***** Working data *****
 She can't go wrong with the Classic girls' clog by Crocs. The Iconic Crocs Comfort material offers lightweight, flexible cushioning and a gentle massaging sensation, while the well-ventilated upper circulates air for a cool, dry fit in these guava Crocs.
*****
***** Working data *****
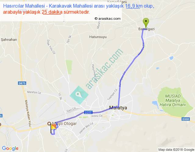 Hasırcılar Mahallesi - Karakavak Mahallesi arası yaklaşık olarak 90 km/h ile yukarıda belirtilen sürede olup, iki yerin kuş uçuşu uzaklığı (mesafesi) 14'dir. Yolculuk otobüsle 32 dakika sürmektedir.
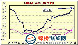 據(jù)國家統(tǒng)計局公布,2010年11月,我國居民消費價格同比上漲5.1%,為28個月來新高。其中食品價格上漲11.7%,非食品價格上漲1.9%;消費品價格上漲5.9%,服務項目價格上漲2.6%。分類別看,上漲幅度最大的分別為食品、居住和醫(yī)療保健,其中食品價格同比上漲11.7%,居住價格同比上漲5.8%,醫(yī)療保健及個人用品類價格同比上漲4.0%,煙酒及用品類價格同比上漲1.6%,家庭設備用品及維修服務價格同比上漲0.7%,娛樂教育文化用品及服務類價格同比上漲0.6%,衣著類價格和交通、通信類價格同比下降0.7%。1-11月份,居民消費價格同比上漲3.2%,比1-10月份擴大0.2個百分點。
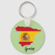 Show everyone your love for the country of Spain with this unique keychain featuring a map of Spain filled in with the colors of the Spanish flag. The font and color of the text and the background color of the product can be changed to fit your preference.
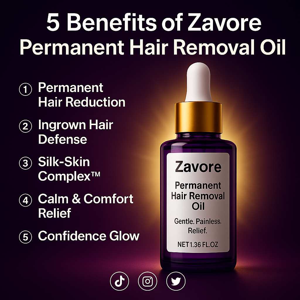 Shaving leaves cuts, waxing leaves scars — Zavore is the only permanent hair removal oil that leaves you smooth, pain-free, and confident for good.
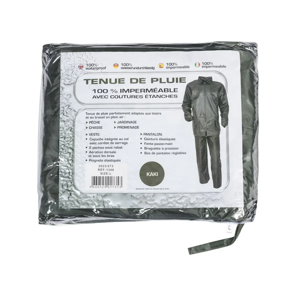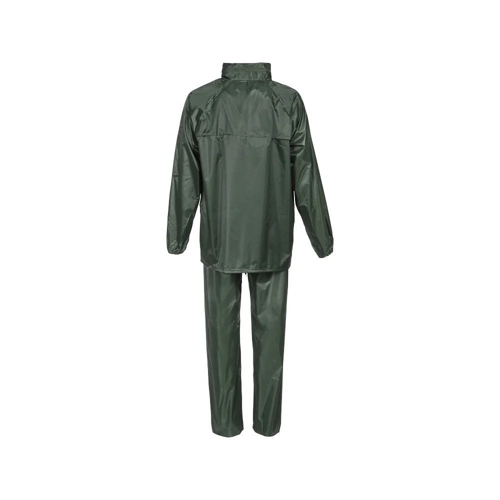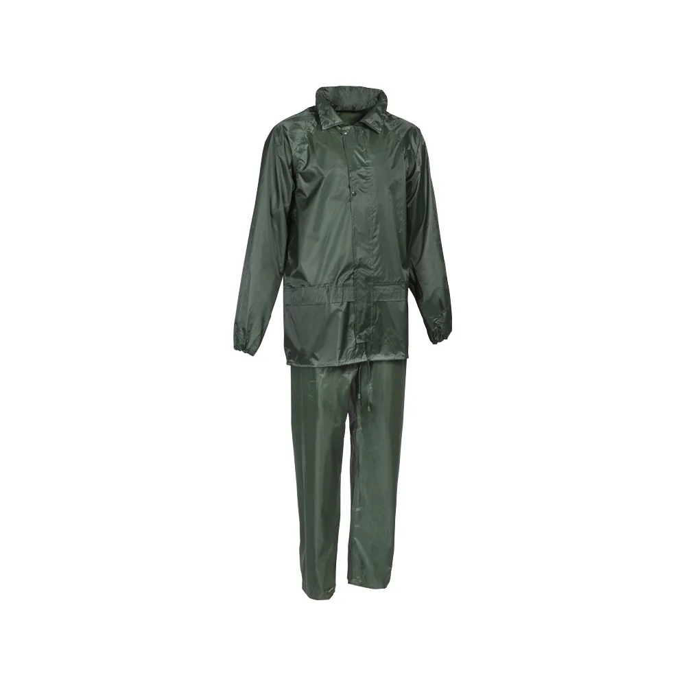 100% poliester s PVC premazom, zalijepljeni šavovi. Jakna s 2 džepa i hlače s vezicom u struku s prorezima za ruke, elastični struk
*****
***** Working data *****
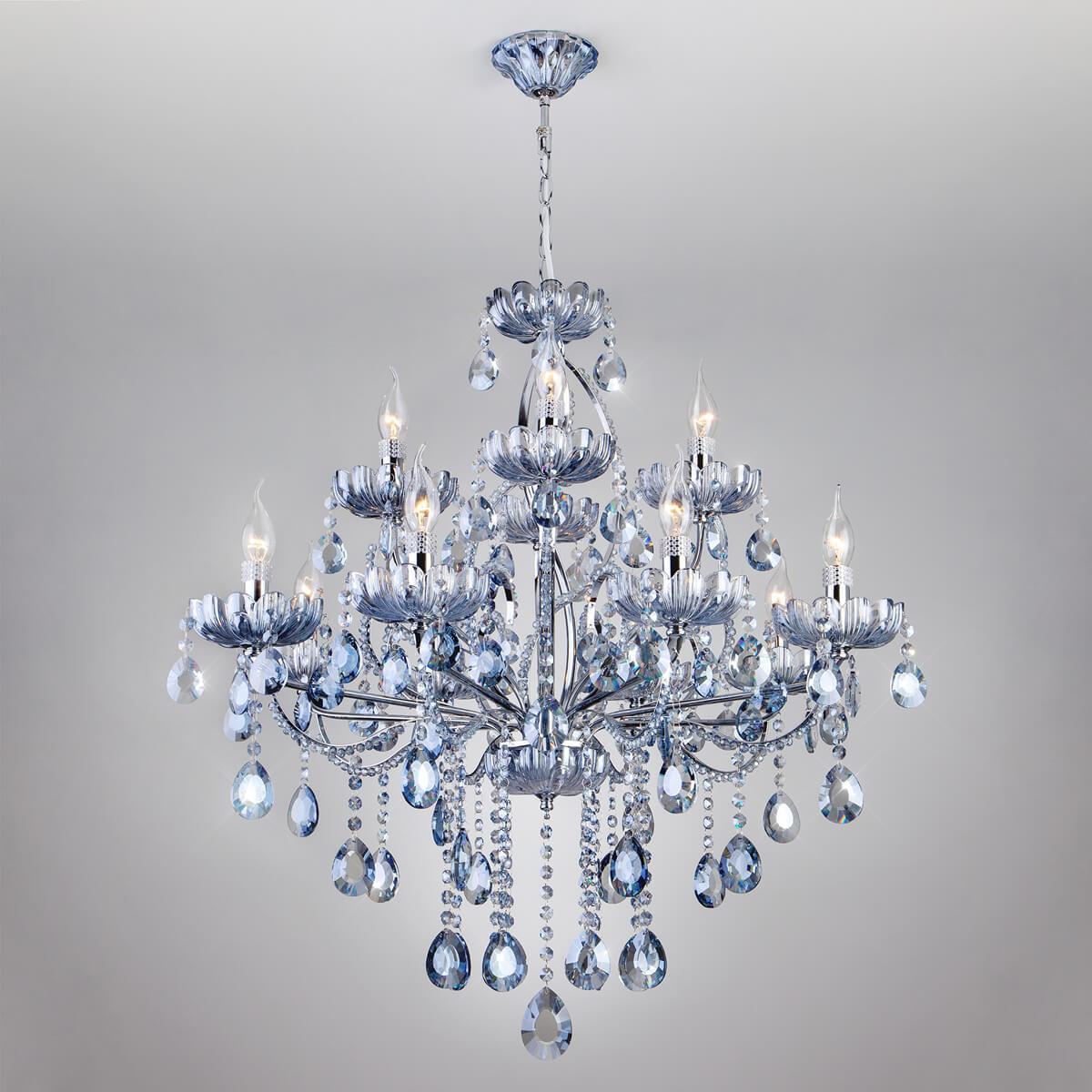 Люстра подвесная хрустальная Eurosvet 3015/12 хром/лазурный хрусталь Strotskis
*****
Exercise
The lines to reproduce run from the one above containing "Hasırcılar Mahallesi - Karakavak" through the one containing "100% poliester s". Copy them exactly and leave out all pictures.

Response
 Hasırcılar Mahallesi - Karakavak Mahallesi arası yaklaşık olarak 90 km/h ile yukarıda belirtilen sürede olup, iki yerin kuş uçuşu uzaklığı (mesafesi) 14'dir. Yolculuk otobüsle 32 dakika sürmektedir.
 據(jù)國家統(tǒng)計局公布,2010年11月,我國居民消費價格同比上漲5.1%,為28個月來新高。其中食品價格上漲11.7%,非食品價格上漲1.9%;消費品價格上漲5.9%,服務項目價格上漲2.6%。分類別看,上漲幅度最大的分別為食品、居住和醫(yī)療保健,其中食品價格同比上漲11.7%,居住價格同比上漲5.8%,醫(yī)療保健及個人用品類價格同比上漲4.0%,煙酒及用品類價格同比上漲1.6%,家庭設備用品及維修服務價格同比上漲0.7%,娛樂教育文化用品及服務類價格同比上漲0.6%,衣著類價格和交通、通信類價格同比下降0.7%。1-11月份,居民消費價格同比上漲3.2%,比1-10月份擴大0.2個百分點。
 Show everyone your love for the country of Spain with this unique keychain featuring a map of Spain filled in with the colors of the Spanish flag. The font and color of the text and the background color of the product can be changed to fit your preference.
 Shaving leaves cuts, waxing leaves scars — Zavore is the only permanent hair removal oil that leaves you smooth, pain-free, and confident for good.
 100% poliester s PVC premazom, zalijepljeni šavovi. Jakna s 2 džepa i hlače s vezicom u struku s prorezima za ruke, elastični struk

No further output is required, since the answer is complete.